──────── MATERIAL FOR THIS TASK

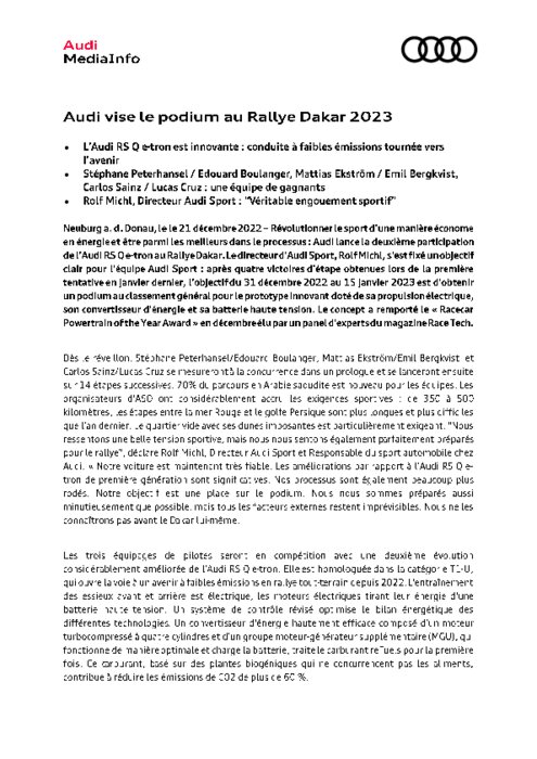 Le directeur d’Audi Sport, Rolf Michl, s’est fixé un objectif clair pour l’équipe Audi Sport : après quatre victoires d’étape obtenues lors de la première tentative en janvier dernier, l’objectif du 31 décembre 2022 au 15 janvier 2023 est d’obtenir un podium au classement général pour le prototype innovant doté de sa propulsion électrique, son convertisseur d’énergie et sa batterie haute tension.
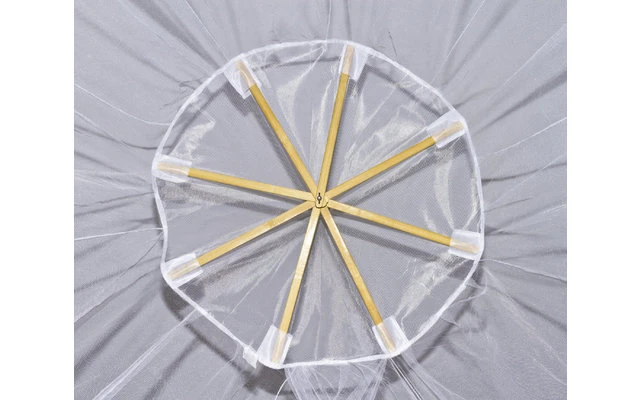 Ideal für den Einsatz beim Camping, Trekking und anderen Reisen. Schützt vor Insekten und Spinnen. Geeignet für alle Bettgrößen bis max. 200 x 220 cm. Holzspinne mit Punktbefestigung. Netz in Pyramidenform. In zwei Ausführungen erhältlich:
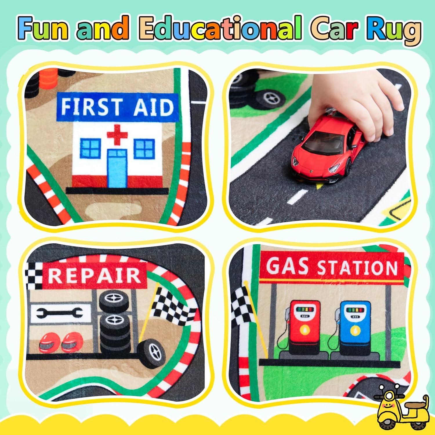 - [Upgraded Material]: Our kids playmat rug is made of premium flannel, and high-resilience sponge, equipped with non-slip backing. The road rug for kids is designed to provide extra cushioning and comfort, protecting babies from bumps and knocks while crawling
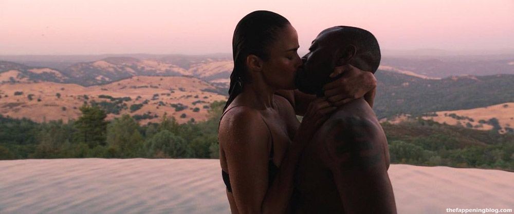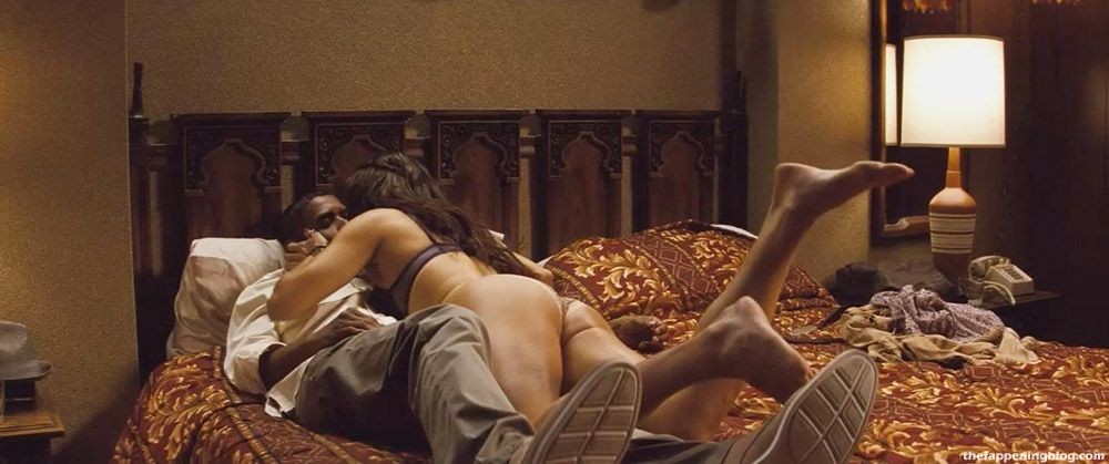 Then Paula Patton is seen pulling her shirt off over her head to reveal the lingerie underneath. She climbs onto a bed with a guy and lays down on top of him. What a figure!
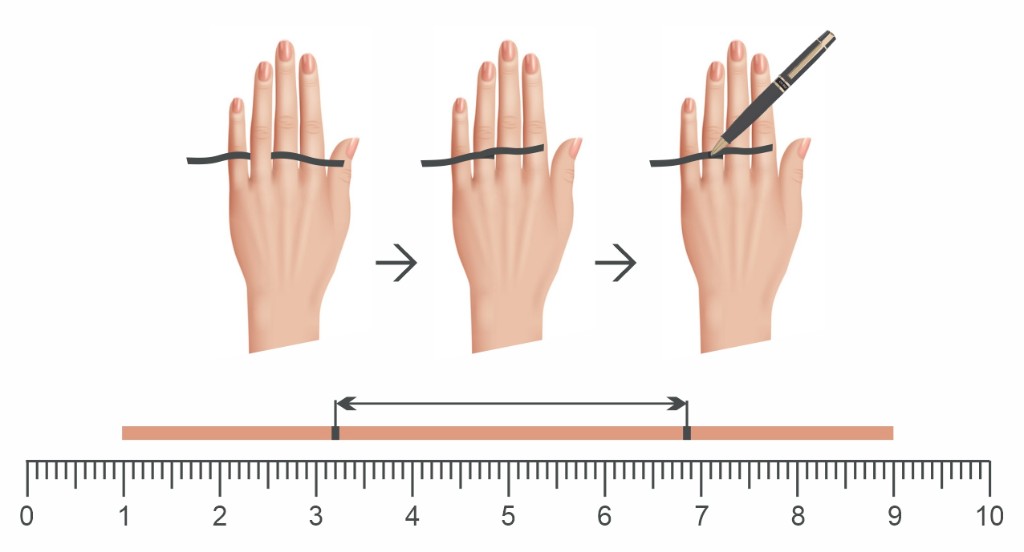 Para medir tamanho do seu dedo, com o auxilio de uma régua, meça a parte interna de um anel que seja do seu tamanho.
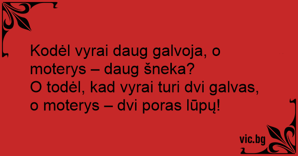 O todėl, kad vyrai turi dvi galvas, o moterys – dvi poras lūpų!
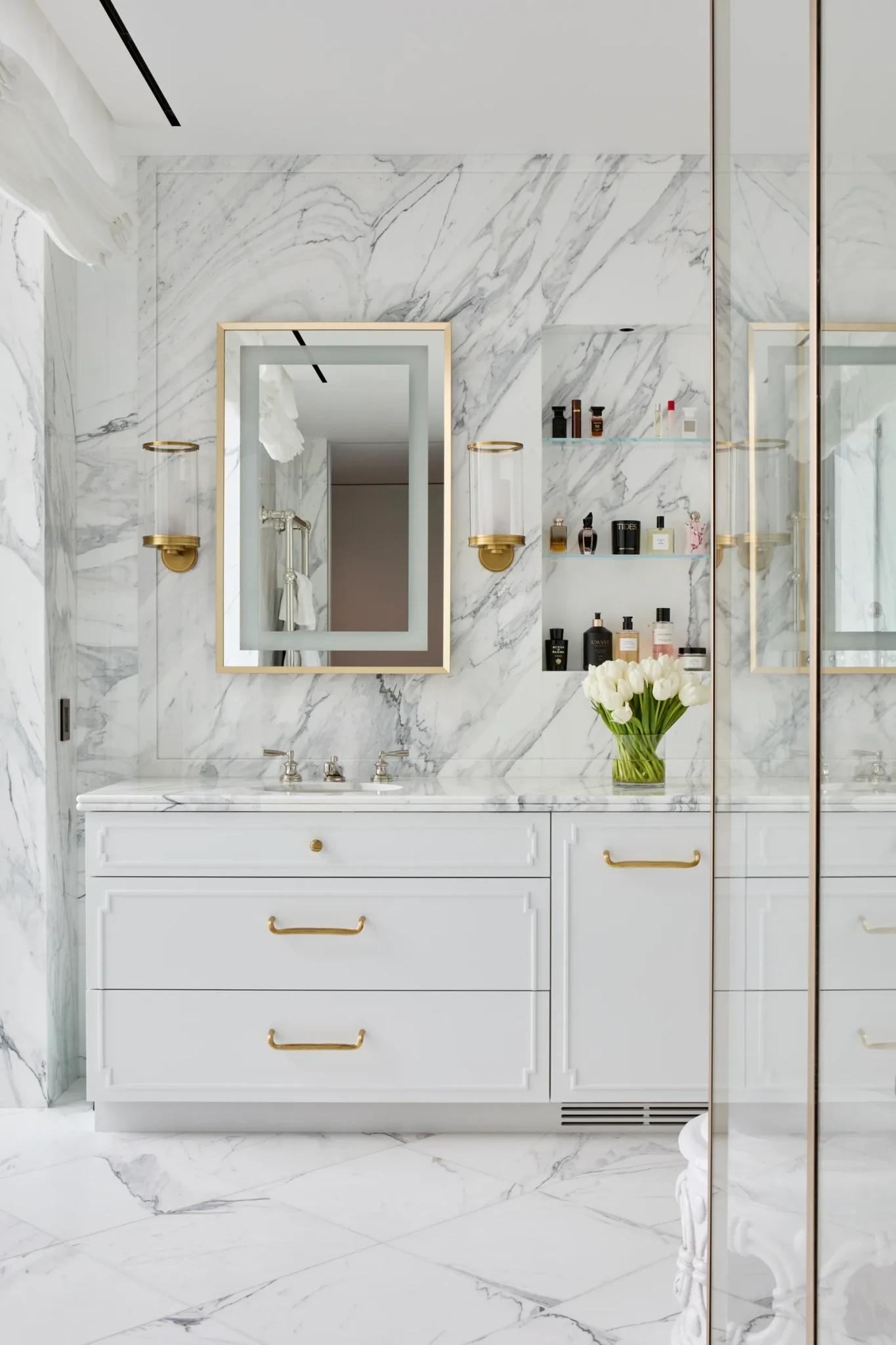 Τα ντουλάπια και τα ράφια της κουζίνας είναι γυάλινα και διακρίνονται από κρυφό φωτισμό, ενώ συμπληρώνονται με στοιχεία από λευκό μάρμαρο και ορείχαλκο.
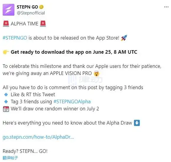 BlockBeats 消息,6 月 24 日,社交健身应用 STEPN GO 宣布其应用程序将在苹果 App Store 应用商店上线,用户预计可在 6 月 25 日 16:00 下载。
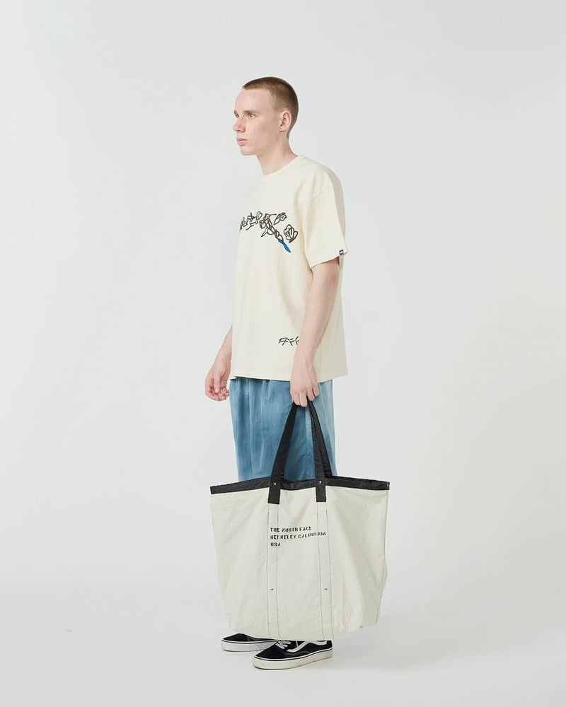 THE NORTH FACE PURPLE LABEL(ノースフェイスパープルレーベル)より、フィールド トートバッグをご紹介します。2枚仕立てのフィールドトートバッグ。表裏で使用が出来る2way仕様です。表面にリサイクルポリエステルタフタを使用。環境に配慮したフッ素系化合物を使用しないPFCフリーのはっ水加工で機能性をプラス。裏面に生成りのオーガニックコットンリップストップを使用。全く表情の異なる生地使いで、スタイリングの雰囲気を変えて楽しむことが出来ます。
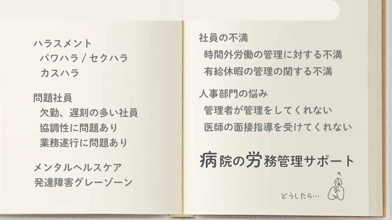 パワハラの訴えが増えている、問題社員の対応で困っている、時間外労働や有給休暇の管理で職員から不満が出ている、さらに医師の働き方改革の対応や始業前残業など、病院の労務問題について解決サポートを行います。
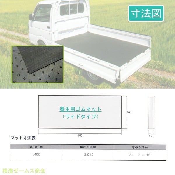 養生用ゴムマット ワイドタイプ 厚み10mm 1400mm×2000mm 1枚 uos トラック 荷台 軽トラ 歩行 農業 選果場 ハウス 敷くだけ雑草対策にも
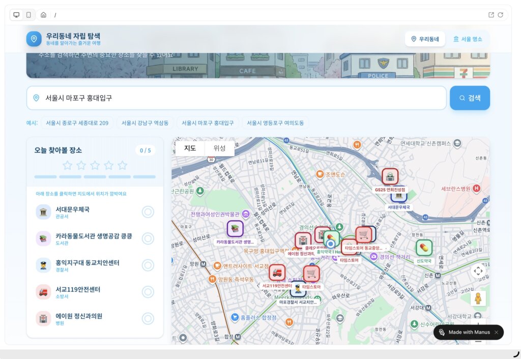 - 위치 기반 탐색: 주소 입력 시 반경 1km 내 주요 장소를 지도에 표시하여 실제 위치를 익힙니다.
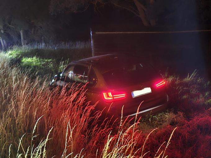 Langs de landelijke Bloemgatstraat, op de grens tussen Ardooie en Meulebeke, is donderdagnacht een BMW in een veld beland.
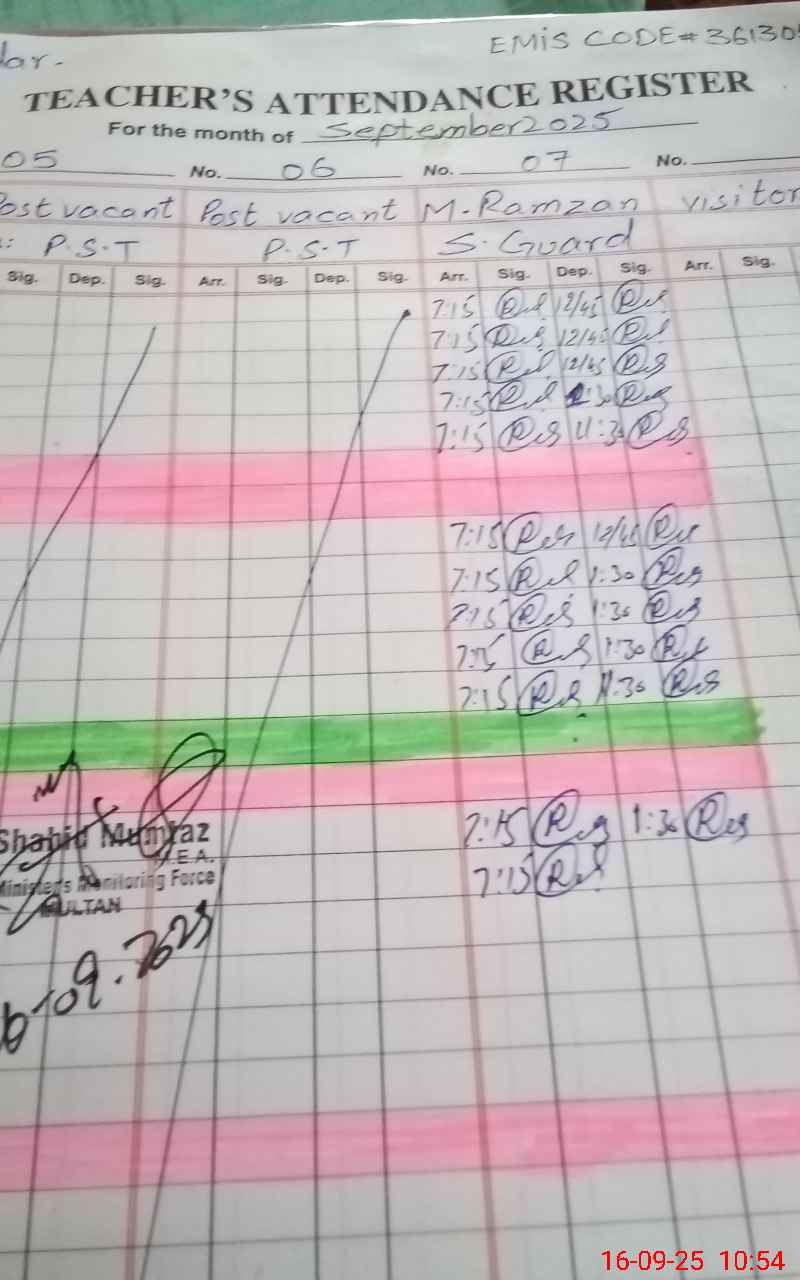 | Name: MRi**** Designation: (School Headmaster's/Headmistress's) PST/PTC/JV Phone/Cell Number: 03**** |

────────────────

• WHAT YOU NEED TO DO: Reproduce exactly the lines above that run from the one with "- [Upgraded Material]: Our" to the one with "Para medir tamanho", both included, leaving pictures out.

• TASK SOLUTION:
 - [Upgraded Material]: Our kids playmat rug is made of premium flannel, and high-resilience sponge, equipped with non-slip backing. The road rug for kids is designed to provide extra cushioning and comfort, protecting babies from bumps and knocks while crawling
 Then Paula Patton is seen pulling her shirt off over her head to reveal the lingerie underneath. She climbs onto a bed with a guy and lays down on top of him. What a figure!
 Para medir tamanho do seu dedo, com o auxilio de uma régua, meça a parte interna de um anel que seja do seu tamanho.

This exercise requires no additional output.